W centrum znajduje się wzbogacenie trimetylacji H trzy K 36 w genie PX DN oznaczającym aktywną transkrypcję przypadającą oczekiwanie w miejscu rozpoczęcia transkrypcji są dodatkowe punktowe znaczniki aktywne H trzy K 27 acetylacja, H trzy K dziewięć acetylacji i H trzy K cztery trimetylacja. Tuż za PXDN znajduje się stłumiona przestrzeń międzygenowa oznaczona wzbogaceniem trimetylacji H three K 27 na przeciwległym skrzydle, znajduje się gen stłumiony H three K 27 TRIMETYLACJI. Idąc o krok dalej.
Nasza wyciszona chromatyna, na co wskazuje obecność wzbogacenia trimetylacji H trzy K dziewięć, co wydaje się wskazywać na wyciszenie SN TG dwa i MYT jeden L, być może w mniej przejściowym sensie niż represja trimetylacji H trzy K 27. Obszar ten obejmuje większość zjawisk napotkanych w ChIPseek modyfikacji histonów.

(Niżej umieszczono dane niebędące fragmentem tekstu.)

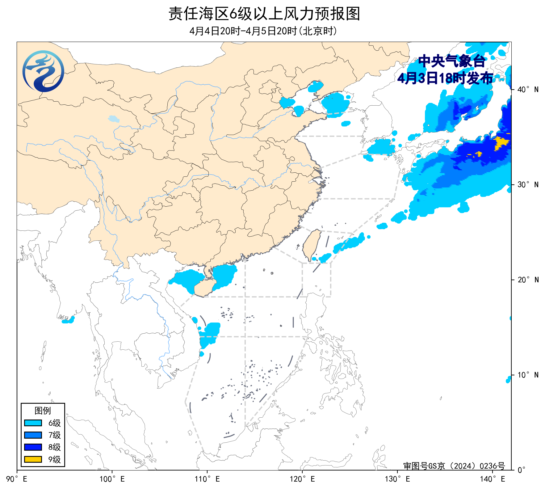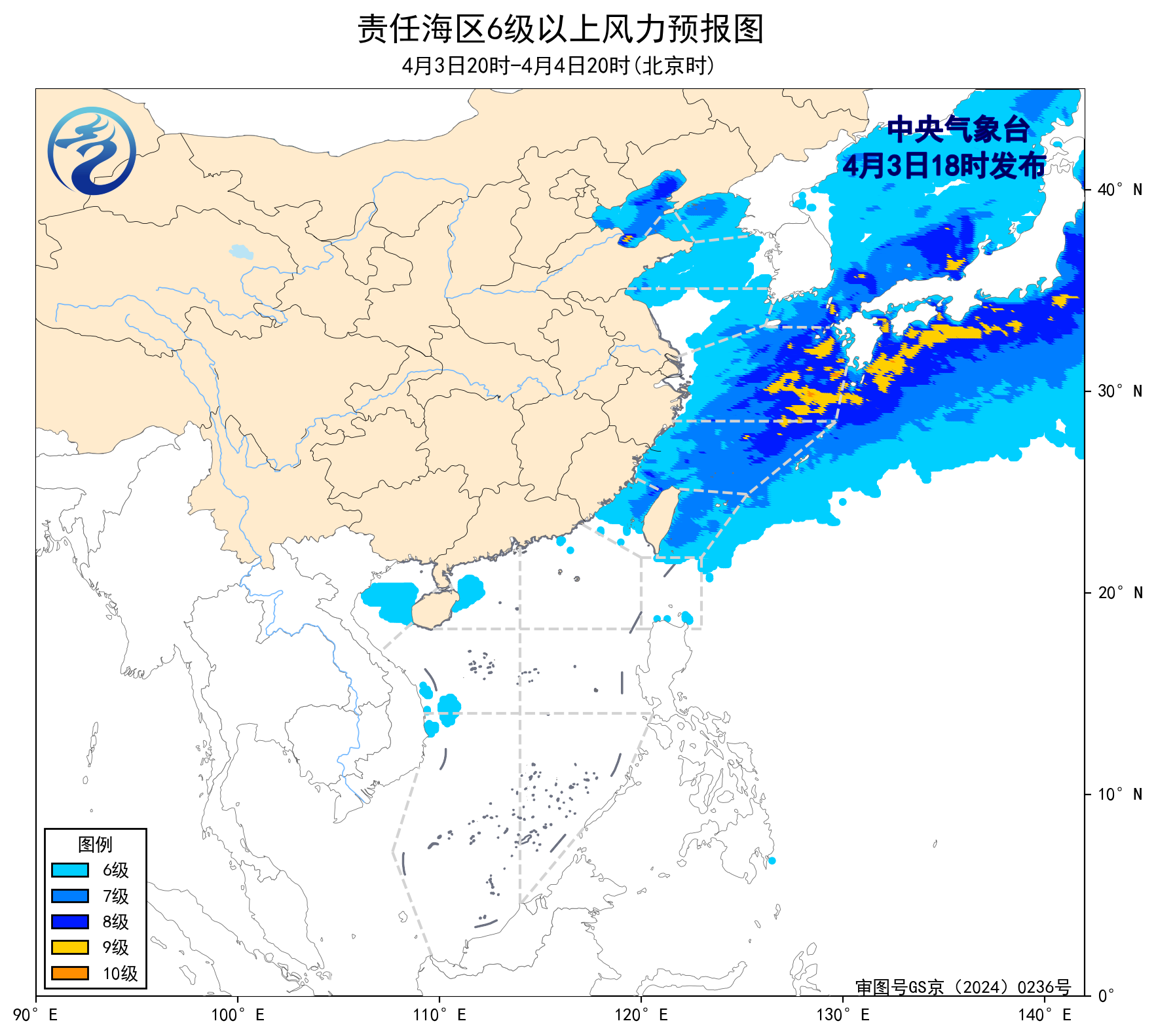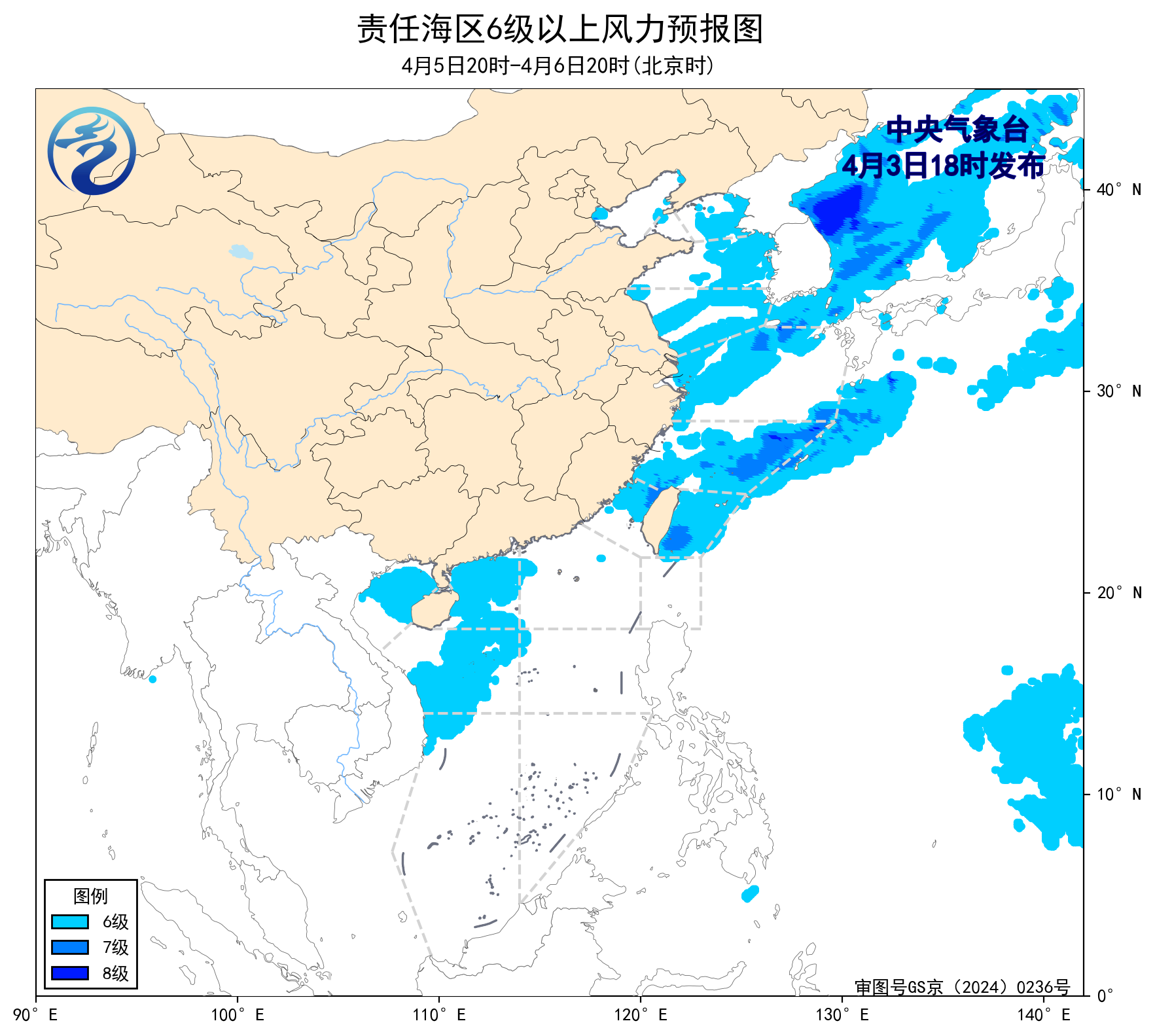 預計,4月6日夜間至10日白天,渤海、台灣海峽、台灣以東洋面、巴士海峽、北部灣將有6~7級、陣風8級的風,渤海海峽、黃海大部海域、瓊州海峽、南海西北部海域、南海東北部海域、南海中西部海域、南海西南部海域將有5~6級、陣風7級的風,東海大部海域將有6~8級、陣風9級的大風。

Ilustruje, w jaki sposób dynamiczna natura BCP może identyfikować zarówno punktową acetylację, jak i znaczniki trimetylacji H trzy K cztery, jednocześnie wyróżniając duże sąsiadujące wyspy trimetylacji H trzy K 27 i H trzy K 9 trimetylacji, a także aktywną transkrypcję trimetylacji H trzy K 36.
Algorytm ten można wykonać około 30 minut, w zależności od liczby odczytów i wyniku objawów genomu. Dowolna znacząca optymalizacja, która jest często wymagana w przypadku innych metod Postępuj zgodnie z tą procedurą. Za pomocą BBCP można badać wiele różnych białek docelowych immunoprecypitacji chromatyny, w tym różne inne modyfikacje hisonu, a także czynniki transkrypcyjne wiążące DNA, aby odpowiedzieć na dodatkowe pytania dotyczące mechanizmów epigenomicznych i regulacji genów.
Po obejrzeniu tego filmu powinieneś dobrze zrozumieć, w jaki sposób BCP jest używany do identyfikowania regionów w zasięgu rozproszonych znaczników w analizie danych chipy.
View the full transcript and gain access to thousands of scientific videos
To badanie przedstawia algorytm Bayesian Change Point (BCP), który poprawia analizę danych sekwencjonowania immunoprecypitacji chromatyny (ChIP-seq). Wykorzystując ukryte modele Markova, BCP skutecznie identyfikuje regiony wzbogacenia histonów zarówno w danych rozległych, jak i punktowych.